I used to tape the Academy Awards.  An hour or so before the telecast would begin, just as Barbara Walters was moving in for the kill to make John Travolta weep like a schoolgirl, I’d make sure a fresh tape was ready to go.  I’d carefully apply the label to the front and, in my very best handwriting that still managed to look like a serial killer’s scrawl, I’d write the date of the event with a fine-tipped blue pen. 

By the time the show began, I was ready.  The appetizers my mother would buy for me would be within reach, but I didn’t eat them during the commercials.  No, during that time, I’d sit hunched near the VCR, ready to press “record” as soon as the Revlon ads ended and the festivities began again.  I was proud that my edits were almost seamless, that I could tell by instinct when the commercial block would be over.

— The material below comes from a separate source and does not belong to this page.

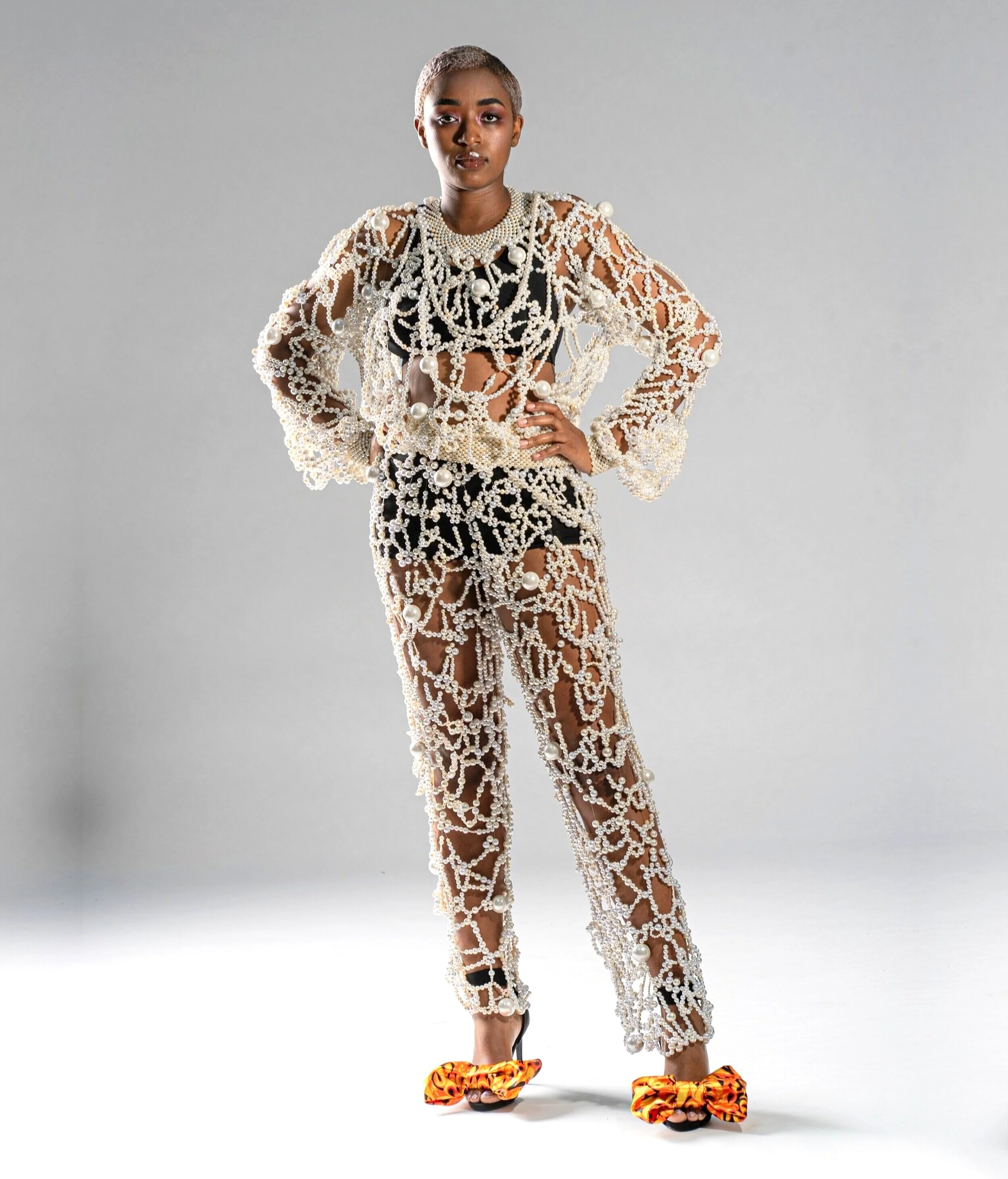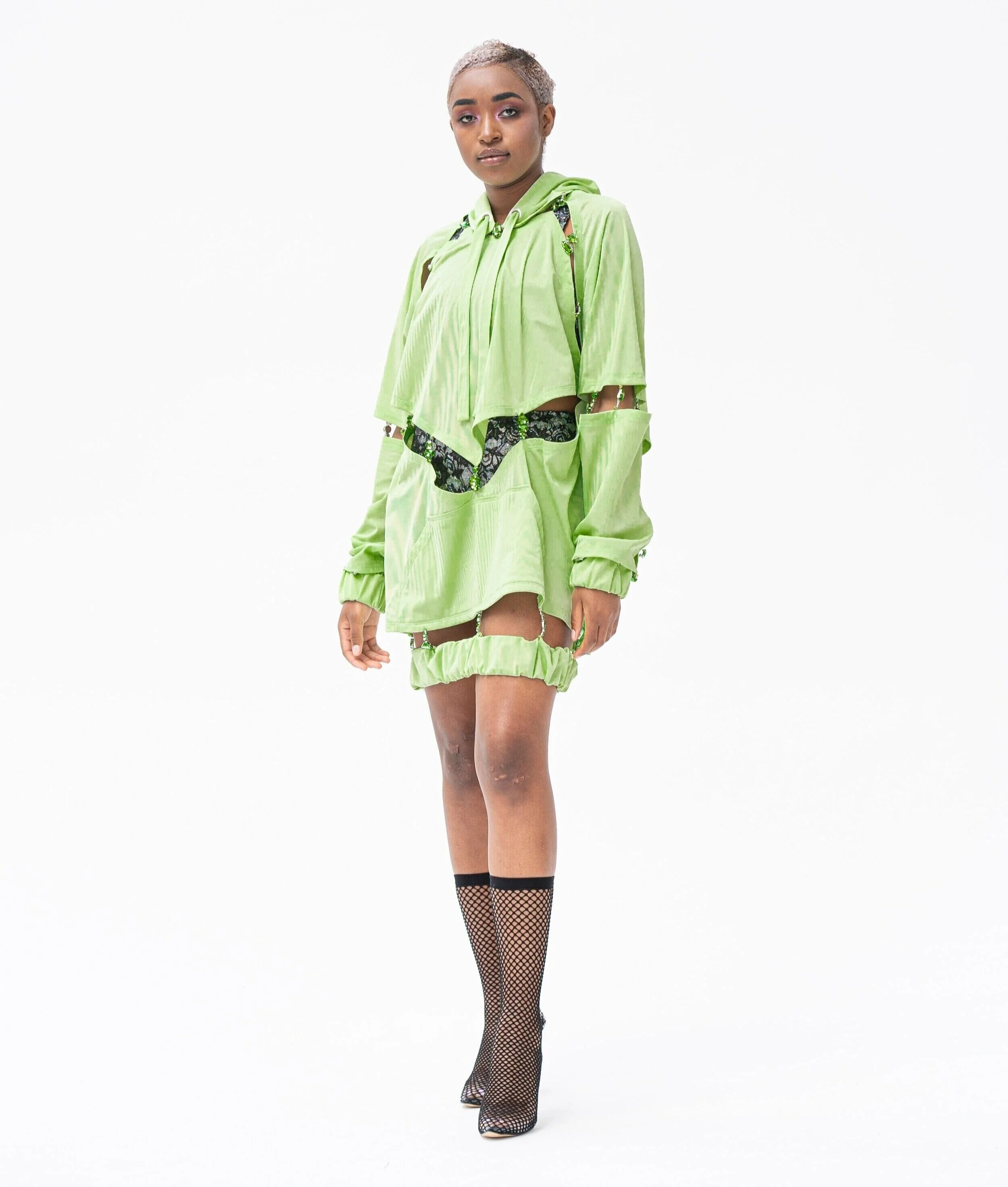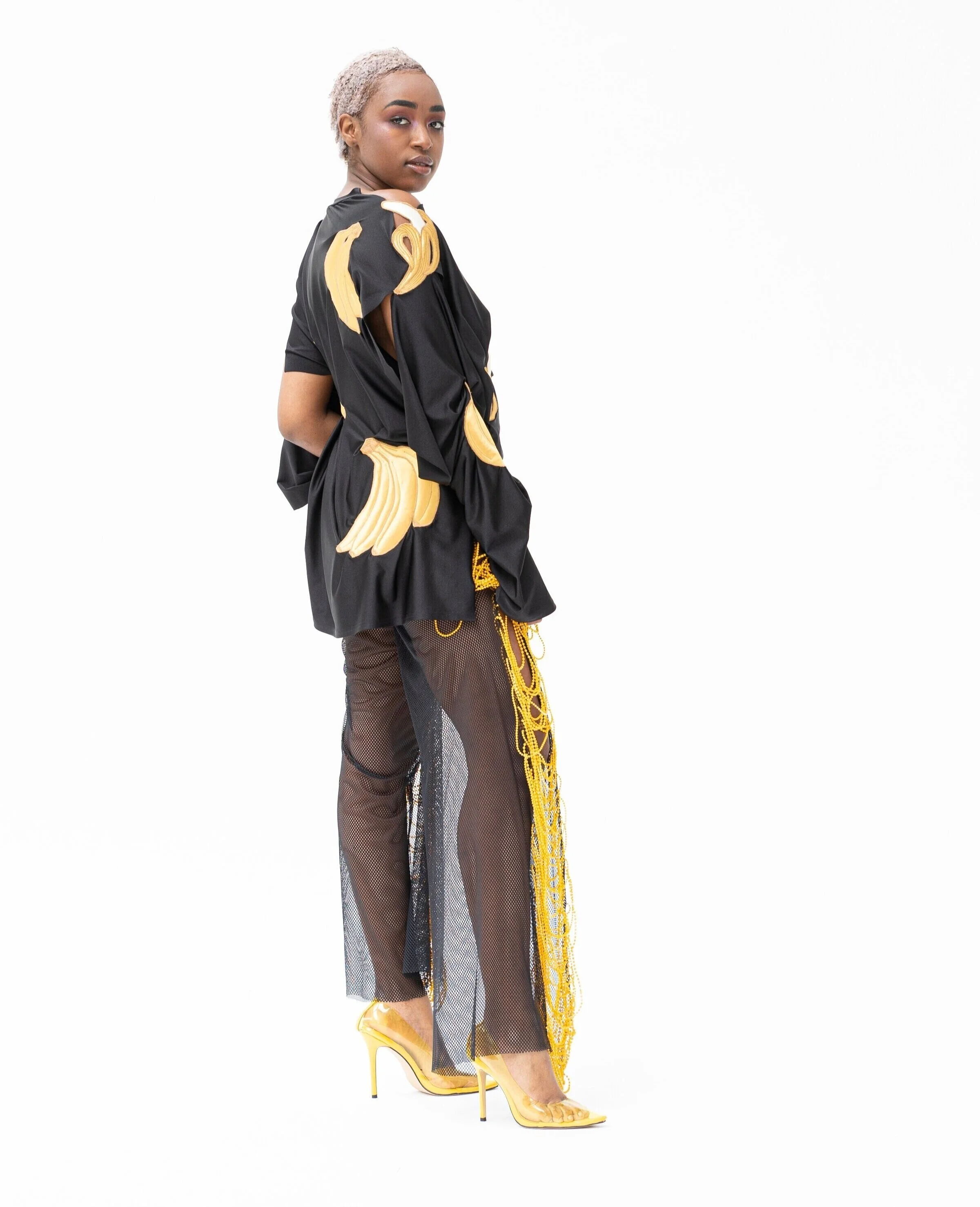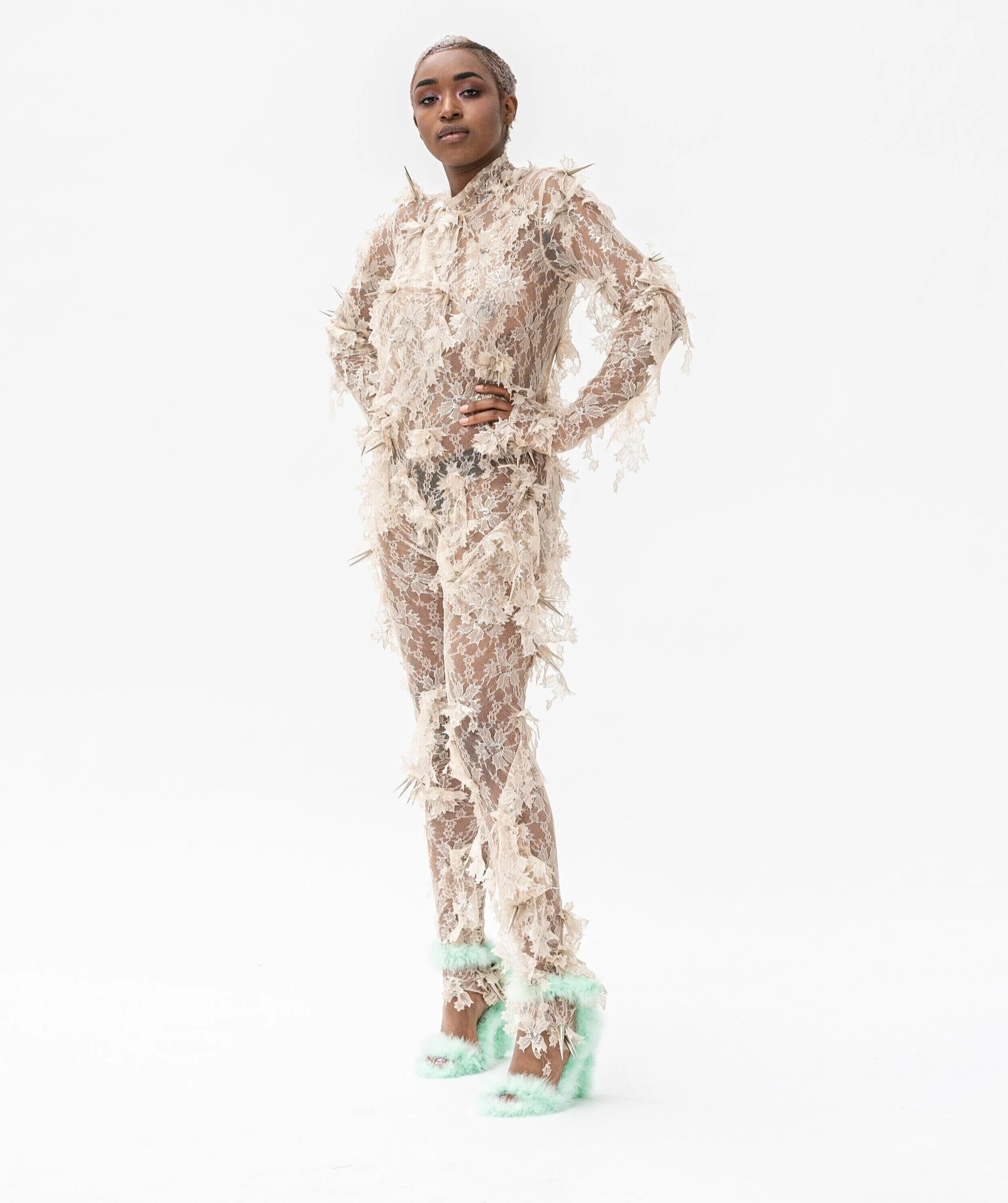 'Shiny Things' utforskar hur man kan omdefiniera uppfattningen av dekoration. Idén om vad dekorativa element är, och används till, vänds upp och ner när utsmyckningen fungerar som grundläggande verktyg för att skapa kläder och form. För att visa bredden av dekorativa tekniker och utsmyckning kan skapa, är alla plaggen olika. Arbetet behandlar också frågan om smak när det gäller utsmyckning. Genom användningen av dekorationer som ses som smaklösa vill Shiny Things ifrågasätta uppfattningarna om god och dålig smak. Material som sportväv i kombination med utsmyckning lurar ögat, och alla små dekorationer bildar tillsammans nya material. De nya sätten att använda utsmyckningar och de tidskrävande teknikerna påminner om haute couture tekniker, men på designerns eget sätt.

My sister used to make fun of me for taping the Oscars.  She didn’t sit there and do it all night, but before the show started she would walk by me as I was consulting with my mother about which I wanted first – the pigs n blankets or the chips and dip – and she would say, “Are you taping it?”  Her tone made me realize that she thought that my actions were kind of idiotic and that they made me weird, but she’s the one who faithfully watched Days of Our Lives every single day, so I knew that if I had to engage in a verbal sparring session about entertainment in general, I could crush her.

Back then my focus was not on the clothing the nominees and the presenters wore.  I mean, obviously I would react to the beaded headdress that Cher would stick on top of her hair – and I’d feel terribly for whomever sat behind that monstrosity – and I do remember kind of tilting my head to the side in puzzlement when Demi Moore showed up in bike shorts one year, but I was more interested in the speeches the winners gave and the brief reaction of disappointment that the non-winners couldn’t completely control for just a fraction of a second.  I would go back and rewind to the moment when the winner was announced, and I’d do that five times and I would look closely at each person’s face to see the human emotion that flashed in their eyes or trembled in their lip before the reminder of regaining composure took over.   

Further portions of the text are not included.